Because anti-intellectualism is a tendency and not a creedo, I think. Intellectualism (Renaissance or Enlightment forms) tended (tends) to be a plaything of the elites. If you're anti-elite the political tendency is to be anti-intellectual as well. Problem is, is that being anti-knowledge or anti-learning is hard, hard work. ('I don't wanna know that I don't know nothin'.') It's hard to avoid learning something, which leads to learning something else. If you're against the consensus of some set of the intellectuals, you have to dispute it somehow, and one of the simplest ways is to be anti-intellectual.

240: 236: Marxism is pretty intellectual and elitist. Even Marxists in labor tried to master the theory.

Western Marxism. Marxist-Leninism and offshoots, not so much. (The Civil War? The Revolution from Above? Later on, the Khmer Rouge dragging the intellectuals/people with glasses out and beating them to death with sticks?)
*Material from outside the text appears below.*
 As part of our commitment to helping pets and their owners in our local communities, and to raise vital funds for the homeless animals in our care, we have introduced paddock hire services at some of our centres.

The Puritans also were not anti-intellectual. Cotton Mather and even Jonathan Edwards were amateur scientists. Anglo-Saxon Bible Christianity was one major source of anti-intellectualism.
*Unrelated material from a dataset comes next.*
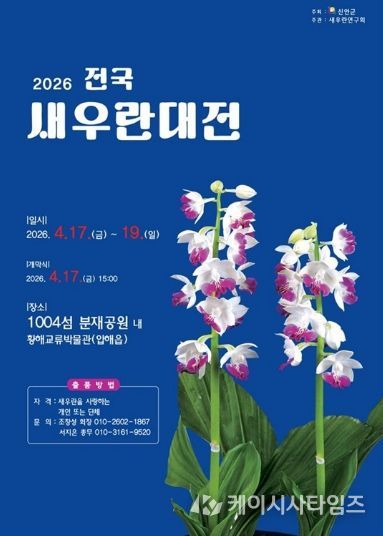 (케이시사타임즈) 신안군은 대한민국 자생란의 우수성과 가치를 널리 알리기 위해 ‘2026 전국새우란대전’을 오는 4월 17일부터 19일까지 3일간 황해교류박물관 일원(1004섬 분재정원)에서 개최한다.

They were certainly against the things of this world, which puts one in the position of having anti-intellectual tendencies.

Political populism left and right was another. The country is more anti-intellectual than the city.
I think that Democrats go far too far in the anti-anti-populism direction, mostly because of its academic / administrative leadership and its technocratic program. The populist vote either sits home or else votes Republican.

Sure. The people who make up the intellectual establishment like themselves just fine, and don't like people who don't like intellectuals. Populists don't like people who don't like populists.

242 (again): It's implicit in Protestantism, you say? I did not know that, understood in those terms, anyway, but sure, makes sense.

I'd say it was implicit in Christianity. Jesus was not in favor of the things of this world. Christianity had to make adjustments to cope with this world, and so the Catholic Church spent many years as the 800-pound gorilla of the intellectual world. But they had a corpus of learning, whatever you think of the content.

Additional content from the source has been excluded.